━━━ Available data

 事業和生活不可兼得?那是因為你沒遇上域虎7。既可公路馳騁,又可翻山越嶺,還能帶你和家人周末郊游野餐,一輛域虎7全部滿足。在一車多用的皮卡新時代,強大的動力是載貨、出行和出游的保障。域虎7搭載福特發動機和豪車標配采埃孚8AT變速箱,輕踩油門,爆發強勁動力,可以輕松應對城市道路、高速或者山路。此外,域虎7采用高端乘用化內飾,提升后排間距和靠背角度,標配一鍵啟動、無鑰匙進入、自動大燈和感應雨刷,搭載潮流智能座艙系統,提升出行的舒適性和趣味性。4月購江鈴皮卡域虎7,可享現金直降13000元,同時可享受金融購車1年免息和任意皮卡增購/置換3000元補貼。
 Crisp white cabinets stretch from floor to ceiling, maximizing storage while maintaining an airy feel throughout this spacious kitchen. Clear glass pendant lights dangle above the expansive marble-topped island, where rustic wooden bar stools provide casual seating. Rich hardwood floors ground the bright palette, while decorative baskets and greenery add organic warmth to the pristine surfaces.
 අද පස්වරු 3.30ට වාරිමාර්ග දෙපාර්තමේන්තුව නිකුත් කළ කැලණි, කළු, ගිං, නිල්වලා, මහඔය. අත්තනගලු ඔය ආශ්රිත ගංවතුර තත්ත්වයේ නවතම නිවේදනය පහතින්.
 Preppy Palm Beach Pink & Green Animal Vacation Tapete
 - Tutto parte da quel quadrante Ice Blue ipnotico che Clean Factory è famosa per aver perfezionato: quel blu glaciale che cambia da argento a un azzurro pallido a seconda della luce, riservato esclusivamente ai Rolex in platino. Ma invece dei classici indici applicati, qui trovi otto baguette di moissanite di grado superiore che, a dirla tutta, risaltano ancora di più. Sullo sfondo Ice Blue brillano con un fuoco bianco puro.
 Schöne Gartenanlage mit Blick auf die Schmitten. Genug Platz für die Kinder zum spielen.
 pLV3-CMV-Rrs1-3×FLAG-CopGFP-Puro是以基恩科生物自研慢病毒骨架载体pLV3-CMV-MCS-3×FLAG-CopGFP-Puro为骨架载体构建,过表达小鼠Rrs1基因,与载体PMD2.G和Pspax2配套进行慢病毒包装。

━━━━━━
━━━ Available data

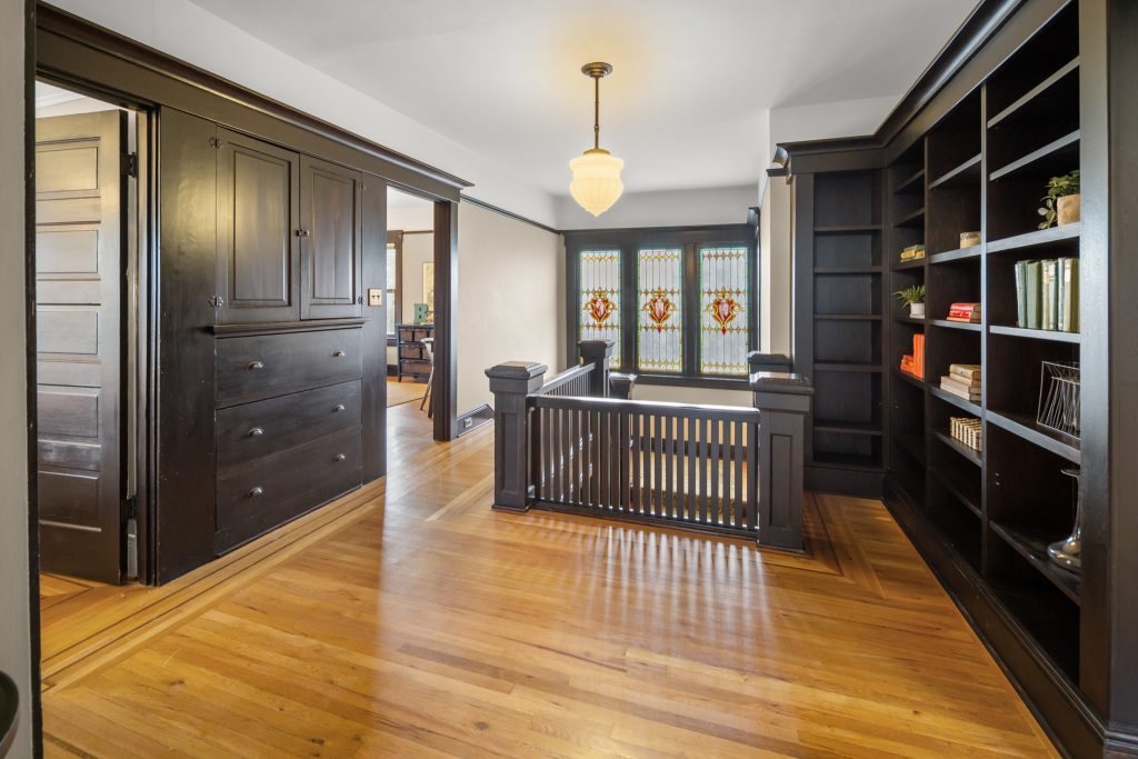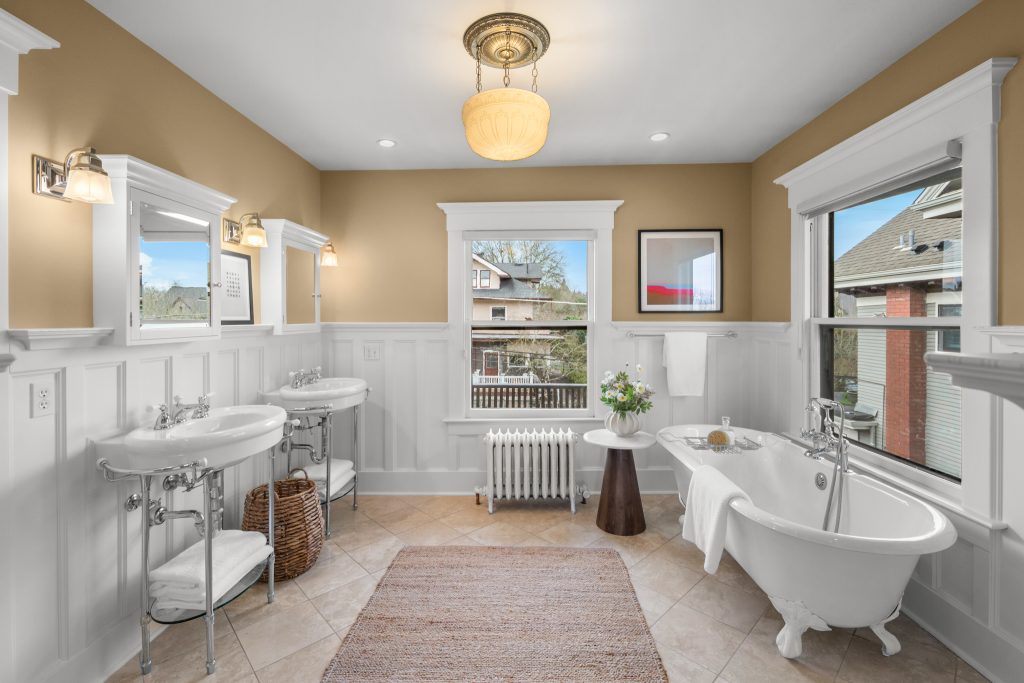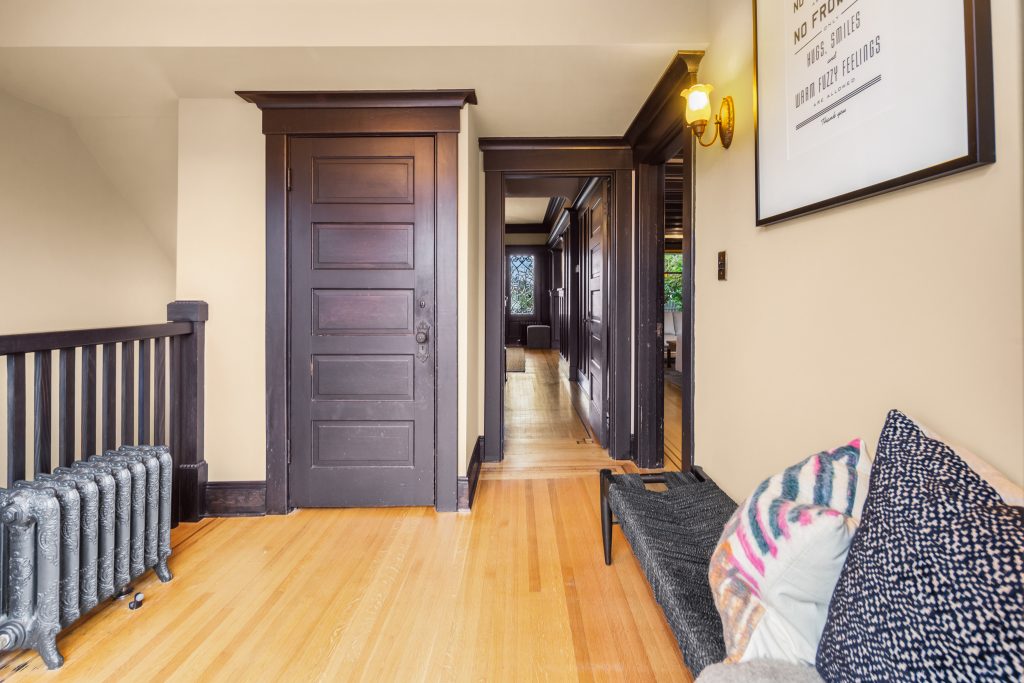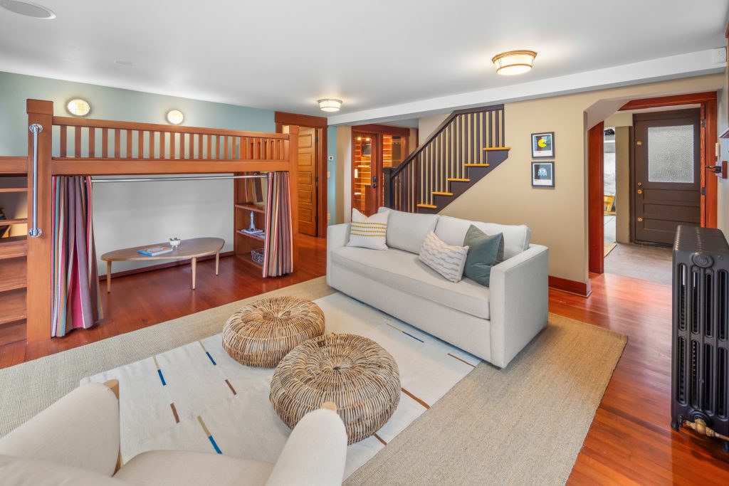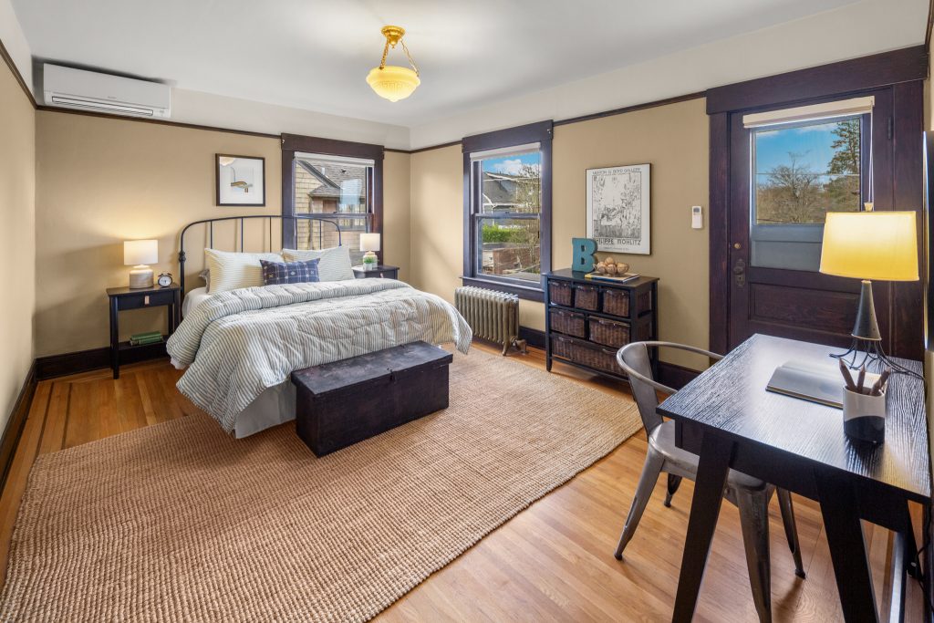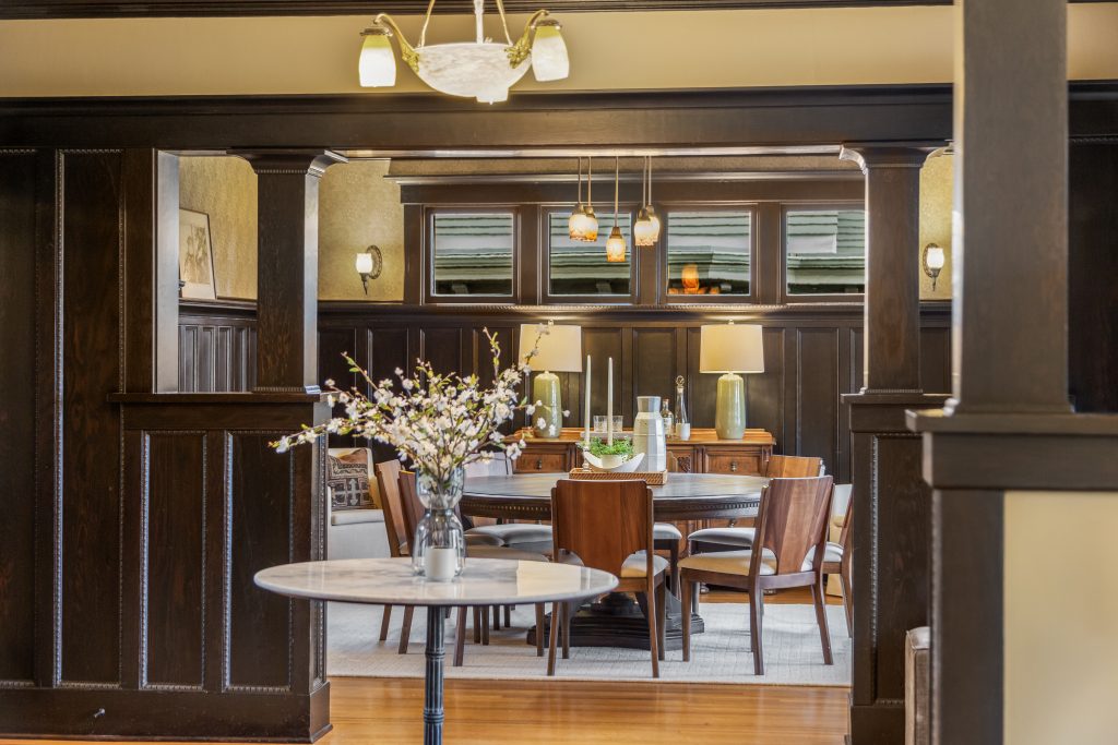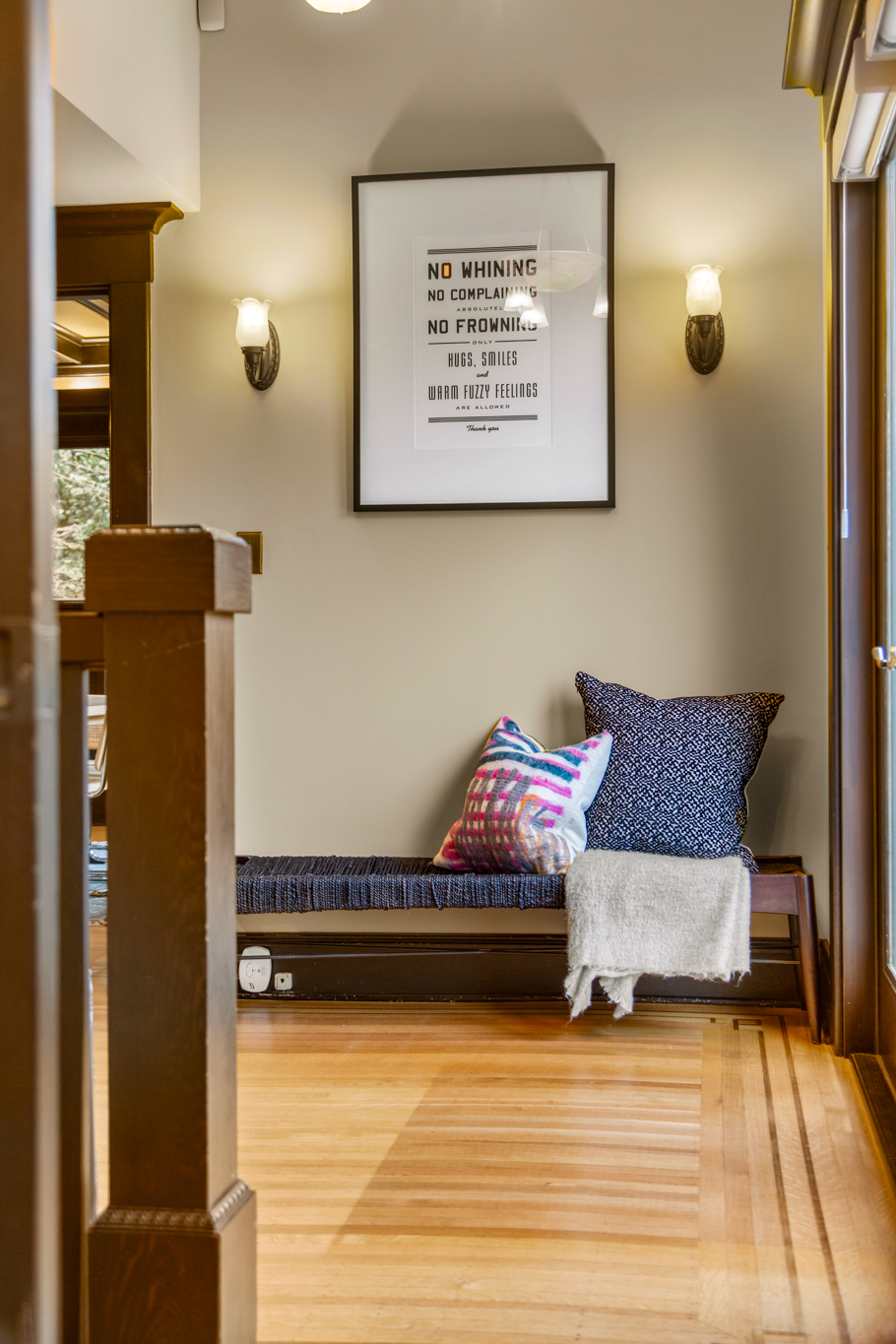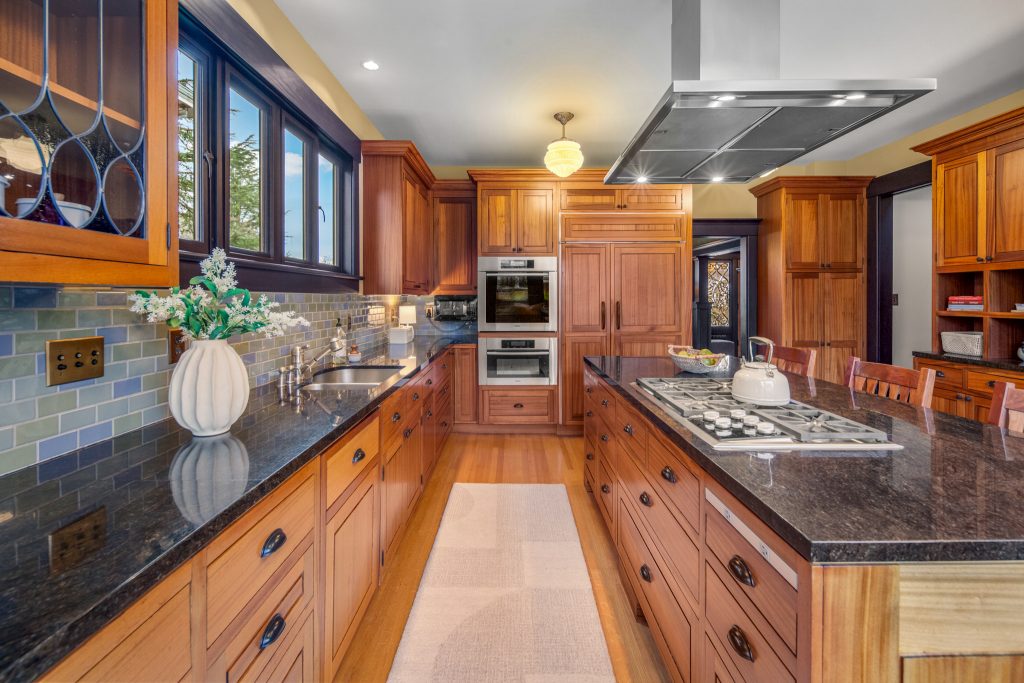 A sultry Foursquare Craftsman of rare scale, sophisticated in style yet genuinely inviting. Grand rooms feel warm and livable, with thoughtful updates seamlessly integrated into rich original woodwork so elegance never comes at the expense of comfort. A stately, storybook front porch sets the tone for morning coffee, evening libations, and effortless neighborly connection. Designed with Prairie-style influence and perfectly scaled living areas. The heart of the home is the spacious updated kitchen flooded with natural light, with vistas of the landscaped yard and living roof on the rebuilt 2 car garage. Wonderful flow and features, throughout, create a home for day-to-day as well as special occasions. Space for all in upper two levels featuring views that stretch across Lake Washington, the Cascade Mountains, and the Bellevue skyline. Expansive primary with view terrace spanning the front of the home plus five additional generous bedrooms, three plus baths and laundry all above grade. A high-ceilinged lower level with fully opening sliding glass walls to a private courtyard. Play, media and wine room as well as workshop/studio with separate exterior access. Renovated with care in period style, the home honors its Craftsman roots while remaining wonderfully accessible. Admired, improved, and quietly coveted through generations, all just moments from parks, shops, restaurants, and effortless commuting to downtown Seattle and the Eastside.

━━━━━━
━━━ Available data

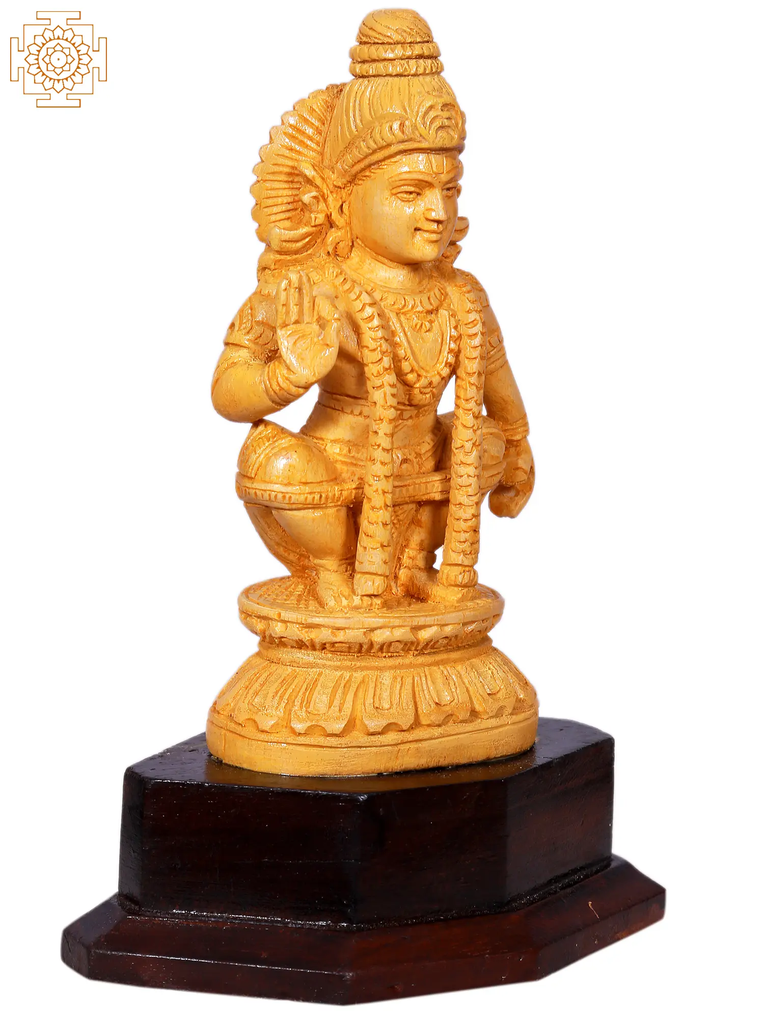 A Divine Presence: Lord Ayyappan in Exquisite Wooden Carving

━━━━━━

**Task brief:** Word for word, restate the lines above from the line containing "අද පස්වරු 3.30ට" through the line containing "pLV3-CMV-Rrs1-3×FLAG", with both included and nothing else.

**Task answer:**
 අද පස්වරු 3.30ට වාරිමාර්ග දෙපාර්තමේන්තුව නිකුත් කළ කැලණි, කළු, ගිං, නිල්වලා, මහඔය. අත්තනගලු ඔය ආශ්රිත ගංවතුර තත්ත්වයේ නවතම නිවේදනය පහතින්.
 Preppy Palm Beach Pink & Green Animal Vacation Tapete
 - Tutto parte da quel quadrante Ice Blue ipnotico che Clean Factory è famosa per aver perfezionato: quel blu glaciale che cambia da argento a un azzurro pallido a seconda della luce, riservato esclusivamente ai Rolex in platino. Ma invece dei classici indici applicati, qui trovi otto baguette di moissanite di grado superiore che, a dirla tutta, risaltano ancora di più. Sullo sfondo Ice Blue brillano con un fuoco bianco puro.
 Schöne Gartenanlage mit Blick auf die Schmitten. Genug Platz für die Kinder zum spielen.
 pLV3-CMV-Rrs1-3×FLAG-CopGFP-Puro是以基恩科生物自研慢病毒骨架载体pLV3-CMV-MCS-3×FLAG-CopGFP-Puro为骨架载体构建,过表达小鼠Rrs1基因,与载体PMD2.G和Pspax2配套进行慢病毒包装。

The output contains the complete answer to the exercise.